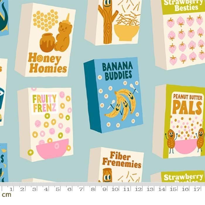 食べ物柄 パッケージ シリアル フルーツ 個性的 面白い ポップ かわいい シーチング 110cm幅 パッチワーク ハンドメイド ルビースター
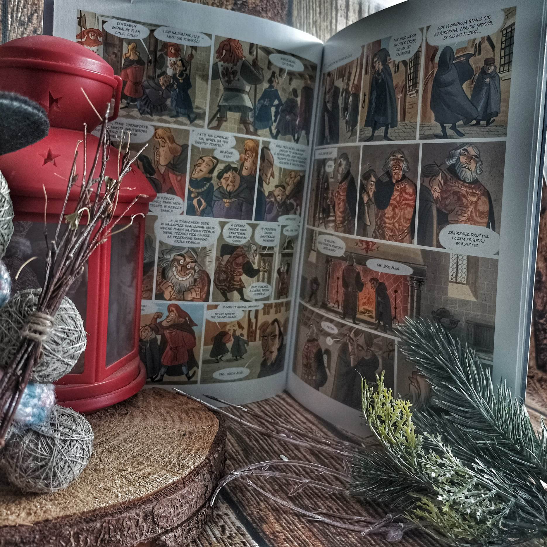 Już w pierwszym albumie polubiłam kreskę Stefano Turconiego. Ma on bardzo charakterystyczną kreskę, proste ilustracje przypominają trochę te średniowieczne – płaskie, ale już z pojawiającą się perspektywą. Pełne barw, detali, ruchu oraz emocji pojawiających się na twarzy. Nie mogę jednak zaprzeczyć, je jestem wręcz zachwycona komizmem sytuacyjnym. Artysta świetnie uchwycił wszystkie niuanse, czy to historyczne, czy też osobowościowe.
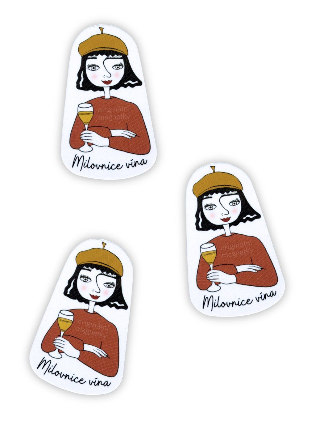 Originální magnetka od české značky s autorskou ilustrací panenky s bílým vínem ve skleničce a vyladěným baretem, která vám bude dělat radost každý den – třeba na lednici nebo magnetické tabuli.
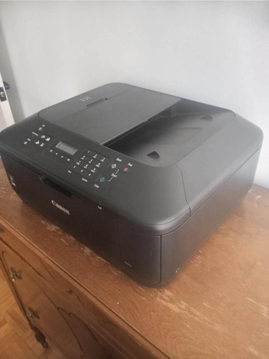 Selling a Canon MX472 all-in-one printer. It's in good condition and ready to go! This printer can handle all your printing, scanning, and copying needs. It's a reliable and versatile machine for home or office use
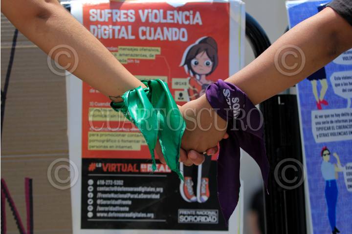 CIUDAD DE MÉXICO, 15OCTUBRE2023.- La activista Olimpia Coral, durante el acompañamiento a alumnas de de la Escuela Superior de Comercio y Administración del Instituto Nacional Politécnico, víctimas de violencia digital, quienes protestaron para exigir justicia debido a que han sufrido alteración de su imagen con Inteligencia Artificial por el agresor Diego "N", alumno identificado como uno de los creadores de alrededor de 166 mil imágenes alteradas de niñas y mujeres sin su consentimiento y hasta 20 mil videos de mujeres. FOTO: GRACIELA LÓPEZ /CUARTOSCURO.COM
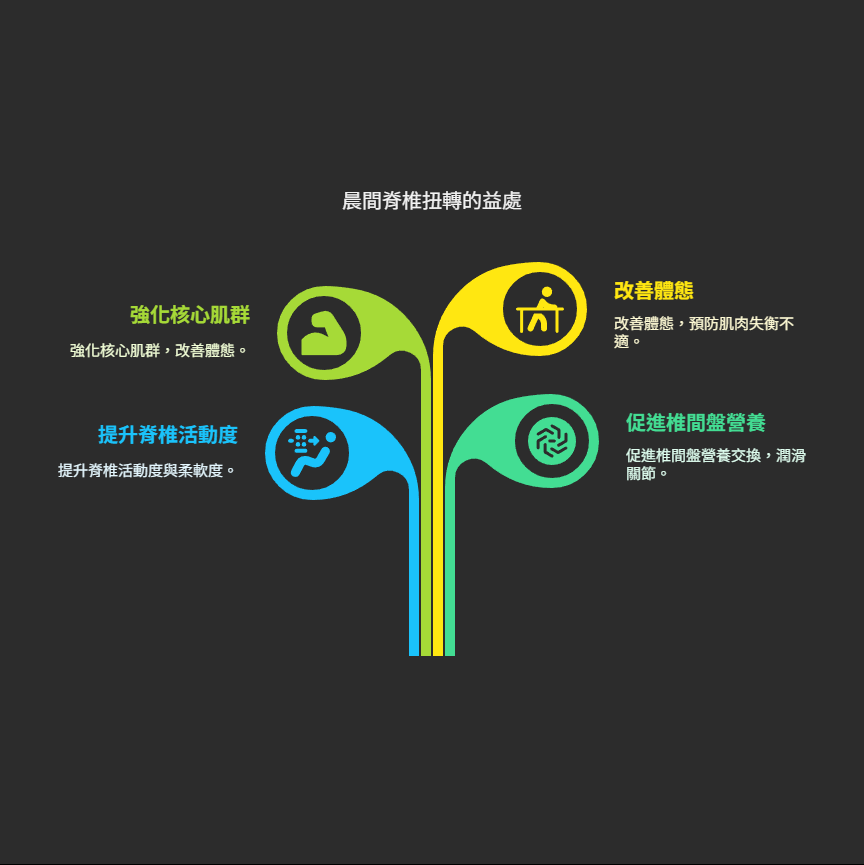 談到生理益處,晨間輕柔的脊椎扭轉,如同一把鑰匙,能開啟身體多方面的正向循環。它不僅提升脊椎本身的活動度與柔軟度,更透過溫和的旋轉動作,促進椎間盤的營養交換,如同為關節上了一層潤滑油。同時,這個動作能均衡地伸展與強化支撐脊椎的核心肌群,如腹內外斜肌、腰方肌等,有助於改善體態,預防因肌肉失衡引發的代償性不適。這些肌群的健康,是維持脊柱穩定與功能正常的基石。
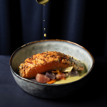 Saumon mi-cuit au fumoir, poêlée de légumes d'hiver (crosnes, duo de carottes, betteraves Chioggia, radis Blue Meat, rutabagas et butternut), sauce cresson
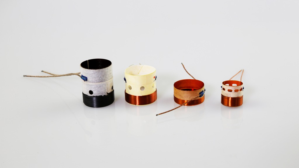 喇叭音圈根據低、中、高音單元的需要而有不同,高音喇叭音圈用十分細的線繞成,包括銅線和鋁線兩種,鋁線質重較輕,可獲得更佳的瞬態響應,但在承載力和耐用性方面不及銅線,中音和低音喇叭多用銅線繞音圈,而且銅線較粗能承受大功率
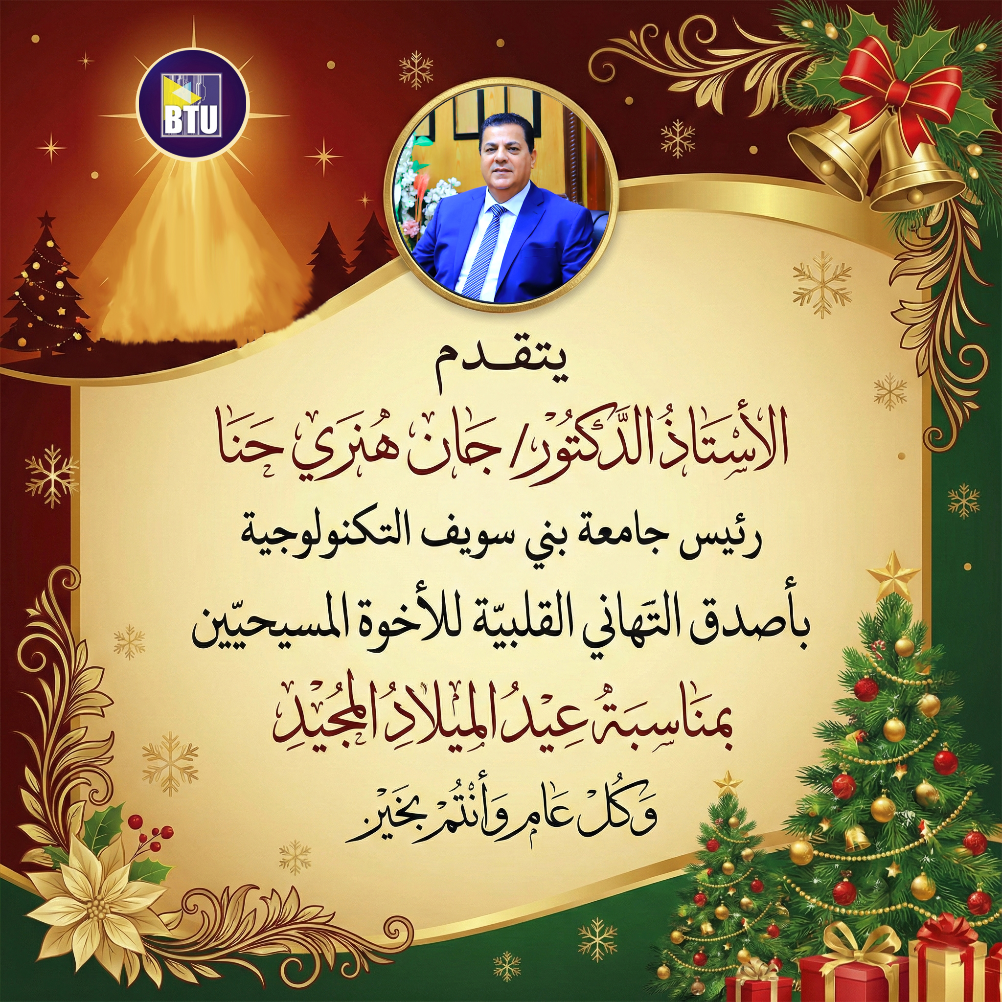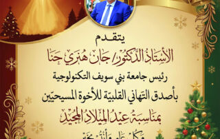 يتقدم الأستاذ الدكتور/ جان هنري حنا رئيس جامعة بني سويف التكنولوجية بأصدق التهاني القلبية للأخوة المسيحيين بمناسبة عيد الميلاد المجيد وكل عام وأنتم بخير.
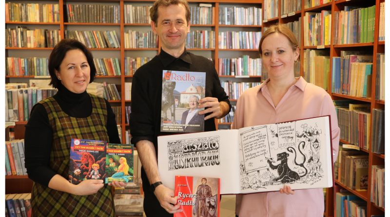 Dzięki uprzejmości pana Józefa Trytka, przekazałyśmy panu Łukaszowi książeczkę pt. „Rycerz Radło czyli historia herbu miasta Radłowa” wraz autografem autora. Wstęp do niej napisała polska autorka książek dla dzieci Ewa Stadtmüller z którą pan Łukasz współpracuje.
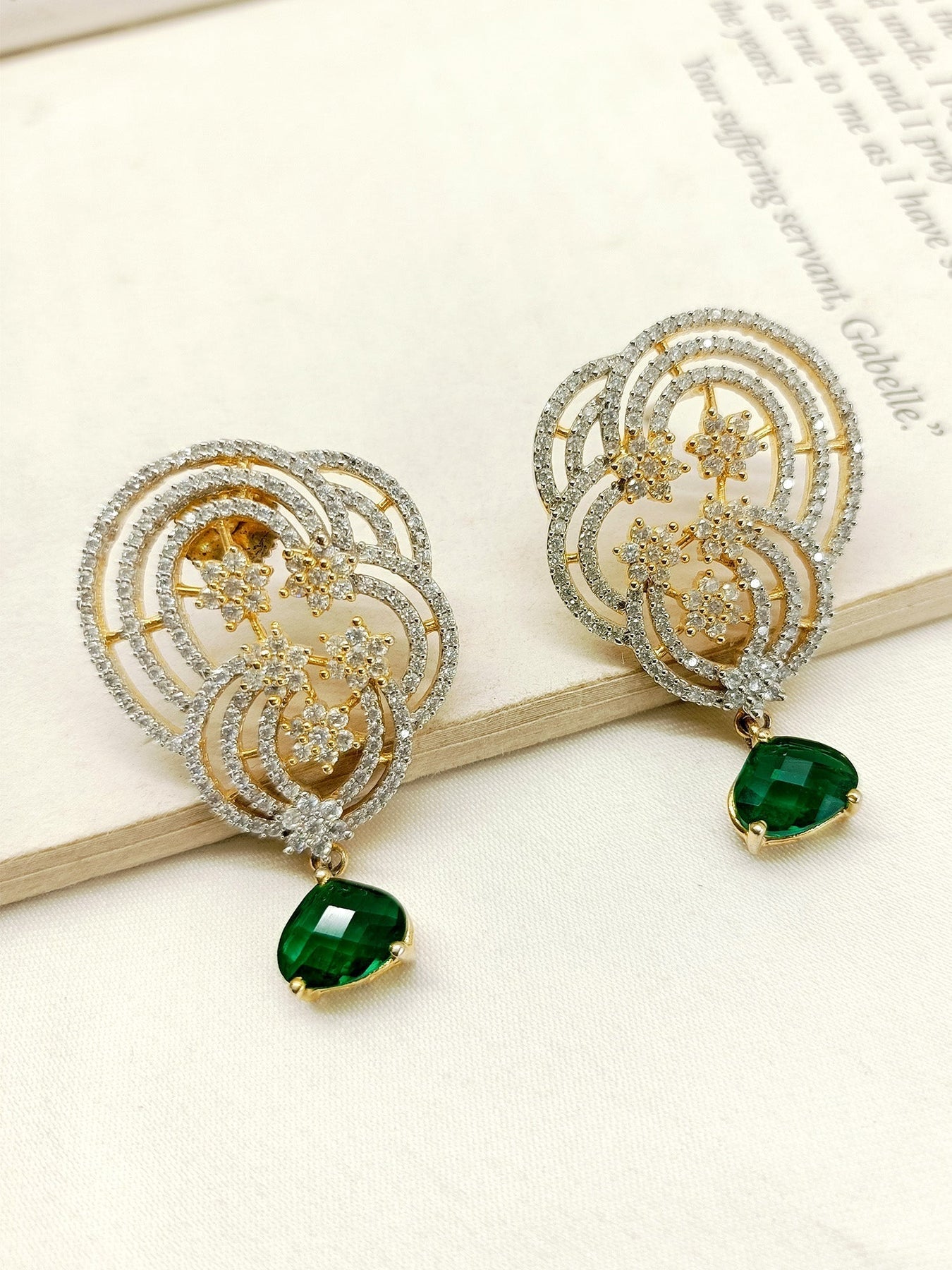 Crafted with precision, these earrings feature a stunning gold plating that beautifully complements the brilliance of American diamonds. The addition of a vibrant green stone adds a touch of uniqueness, capturing attention and admiration wherever you go.
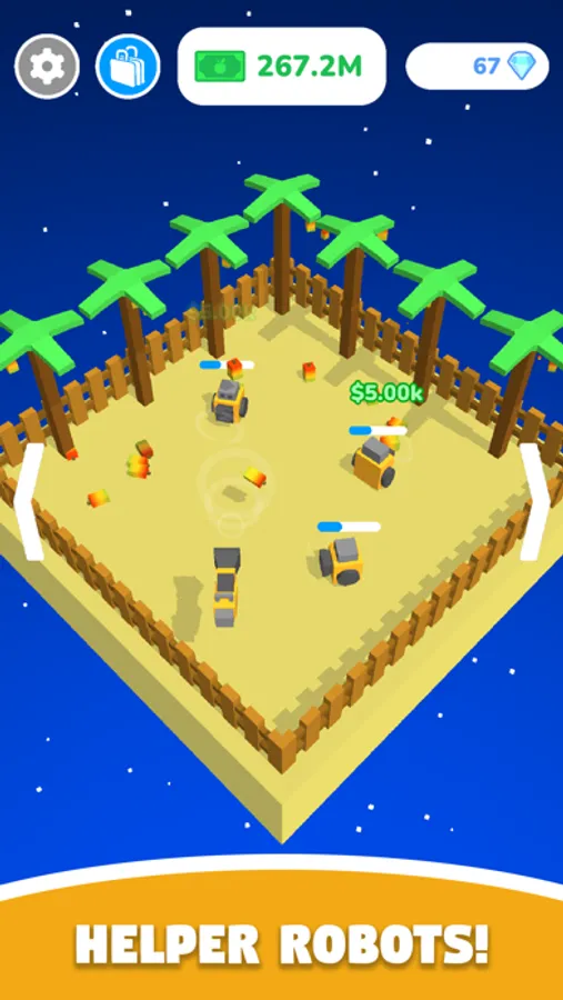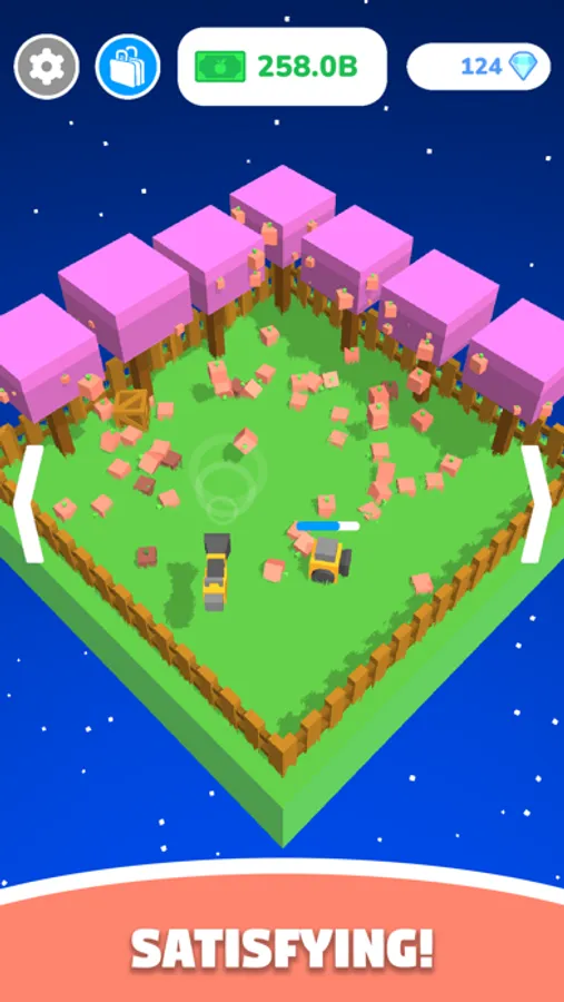 Control a vacuum with just a touch, and suck up piles of fruits! Hire robots to collect fruits for you, and expand your farm. Pass time and relax with a satisfying little pocket game.
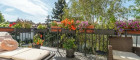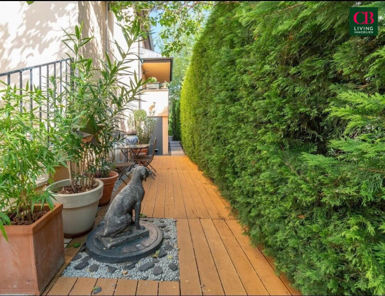 Der Außenbereich ist hochwertig gestaltet (Kombination aus PVC-Dielen und Natursteinplatten) und bietet automatische Bewässerung sowie Gartenbeleuchtung im gesamten Garten.

....

About this exercise:
Copy out the records exactly. Do not include the pictures.

Answer for the task:
 食べ物柄 パッケージ シリアル フルーツ 個性的 面白い ポップ かわいい シーチング 110cm幅 パッチワーク ハンドメイド ルビースター
 Już w pierwszym albumie polubiłam kreskę Stefano Turconiego. Ma on bardzo charakterystyczną kreskę, proste ilustracje przypominają trochę te średniowieczne – płaskie, ale już z pojawiającą się perspektywą. Pełne barw, detali, ruchu oraz emocji pojawiających się na twarzy. Nie mogę jednak zaprzeczyć, je jestem wręcz zachwycona komizmem sytuacyjnym. Artysta świetnie uchwycił wszystkie niuanse, czy to historyczne, czy też osobowościowe.
 Originální magnetka od české značky s autorskou ilustrací panenky s bílým vínem ve skleničce a vyladěným baretem, která vám bude dělat radost každý den – třeba na lednici nebo magnetické tabuli.
 Selling a Canon MX472 all-in-one printer. It's in good condition and ready to go! This printer can handle all your printing, scanning, and copying needs. It's a reliable and versatile machine for home or office use
 CIUDAD DE MÉXICO, 15OCTUBRE2023.- La activista Olimpia Coral, durante el acompañamiento a alumnas de de la Escuela Superior de Comercio y Administración del Instituto Nacional Politécnico, víctimas de violencia digital, quienes protestaron para exigir justicia debido a que han sufrido alteración de su imagen con Inteligencia Artificial por el agresor Diego "N", alumno identificado como uno de los creadores de alrededor de 166 mil imágenes alteradas de niñas y mujeres sin su consentimiento y hasta 20 mil videos de mujeres. FOTO: GRACIELA LÓPEZ /CUARTOSCURO.COM
 談到生理益處,晨間輕柔的脊椎扭轉,如同一把鑰匙,能開啟身體多方面的正向循環。它不僅提升脊椎本身的活動度與柔軟度,更透過溫和的旋轉動作,促進椎間盤的營養交換,如同為關節上了一層潤滑油。同時,這個動作能均衡地伸展與強化支撐脊椎的核心肌群,如腹內外斜肌、腰方肌等,有助於改善體態,預防因肌肉失衡引發的代償性不適。這些肌群的健康,是維持脊柱穩定與功能正常的基石。
 Saumon mi-cuit au fumoir, poêlée de légumes d'hiver (crosnes, duo de carottes, betteraves Chioggia, radis Blue Meat, rutabagas et butternut), sauce cresson
 喇叭音圈根據低、中、高音單元的需要而有不同,高音喇叭音圈用十分細的線繞成,包括銅線和鋁線兩種,鋁線質重較輕,可獲得更佳的瞬態響應,但在承載力和耐用性方面不及銅線,中音和低音喇叭多用銅線繞音圈,而且銅線較粗能承受大功率
 يتقدم الأستاذ الدكتور/ جان هنري حنا رئيس جامعة بني سويف التكنولوجية بأصدق التهاني القلبية للأخوة المسيحيين بمناسبة عيد الميلاد المجيد وكل عام وأنتم بخير.
 Dzięki uprzejmości pana Józefa Trytka, przekazałyśmy panu Łukaszowi książeczkę pt. „Rycerz Radło czyli historia herbu miasta Radłowa” wraz autografem autora. Wstęp do niej napisała polska autorka książek dla dzieci Ewa Stadtmüller z którą pan Łukasz współpracuje.
 Crafted with precision, these earrings feature a stunning gold plating that beautifully complements the brilliance of American diamonds. The addition of a vibrant green stone adds a touch of uniqueness, capturing attention and admiration wherever you go.
 Control a vacuum with just a touch, and suck up piles of fruits! Hire robots to collect fruits for you, and expand your farm. Pass time and relax with a satisfying little pocket game.
 Der Außenbereich ist hochwertig gestaltet (Kombination aus PVC-Dielen und Natursteinplatten) und bietet automatische Bewässerung sowie Gartenbeleuchtung im gesamten Garten.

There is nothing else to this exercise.